The estimate that the retirement agency is getting from its consultant will represent the first time in recent years that anyone has tried to quantify the impact on unfunded liability from unusually large compensation surges near the end of workers’ careers. That to some degree will reflect how overtime is managed.
Some agencies, including those involving police, fire, prison and other critical around-the-clock services, generally incur significant overtime.
At the Department of Public Safety, which runs the prison system and has between 2,200 and 2,400workers, 75 employees worked more than 1,000 hours of overtime in fiscal year 2009 and 25 did so the following year, according to DPS. One thousand hours is the equivalent of 125 regular work days of eight hours each. One Sheriff Division supervisor exceeded 1,600 overtime hours in fiscal 2010, boosting her base salary of $32,320 by nearly $40,000 in regular overtime pay.
"We have concerns when we see numbers like that," said DPS Director Jodie Maesaka-Hirata, who was named to the job at the start of the Abercrombie administration more than a year ago.

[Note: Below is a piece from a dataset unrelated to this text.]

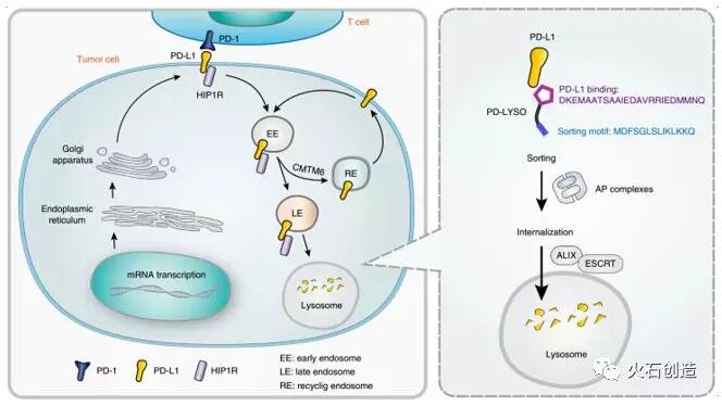 (2)溶酶体分选序列:位于HIP1R第966至979位间的氨基酸序列。这条具备“LL或LI”氨基酸序列的溶酶体分选序列负责把PD-L1定向转运进入溶酶体。该论文中描述到HIP1R通过与AP复合物结合将PD-L1运送到溶酶体表面,并依赖ESCRT复合物使PD-L1进入多囊体(MVB)和溶酶体中进行降解。

Her top priority when she became director was to fill vacancies to help lower overtime, Maesaka-Hirata said. She added, however, that she did not find instances of overtime abuse.

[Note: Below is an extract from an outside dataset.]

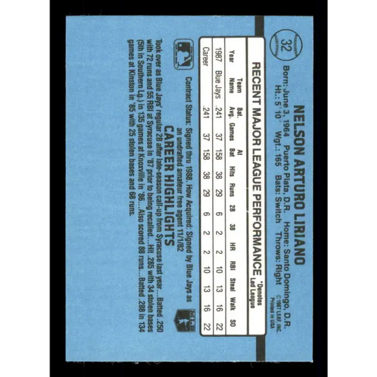 1988 Donruss #32 Nelson Liriano/ EX RC Rookie Toronto Blue Jays Baseball Card

The city’s EMS director, Dr. James Ireland, likewise had to deal with overtime issues when he took the job in July 2010.
Since then, he said, vacancies have been reduced, changes have been made to get more people in the training pipeline to fill positions and better controls are in place to manage overtime.
"I think we’re moving in the right direction," Ireland said.
Overall, the state and the city have seen significant drops in overtime compensation over the past few years, though it’s not clear how much of that decline is a result of administrators being forced to cope with smaller budgets or agencies becoming more efficient at managing overtime.
Mike Hansen, the city’s budget director, said departments are required to operate within salary budgets, which includes overtime. If an agency exceeds the overtime budget, it has to offset that elsewhere in salary funding, he said.
Luis Salaveria, deputy budget director for the state, said a more than 20 percent decline in overtime compensation since fiscal 2007 largely reflects downward pressure on budgets because of shrinking revenue. But administrators also are re-examining priorities and striving to become more efficient, he said.
Even though the majority of states allow overtime to be included in pension calculations, fiscal pressures are driving more of them to make changes that generally require employees to work longer, pay more into the system and get less upon retirement, according to Sujit CanagaRetna, senior fiscal analyst in the southern region for the Council of State Governments. Those same fiscal pressures are driving attempts to change Hawaii’s pension calculations.
"The goal is to have a properly funded retirement system with sufficient monies to pay out those promised benefits," said the ERS’ Machida.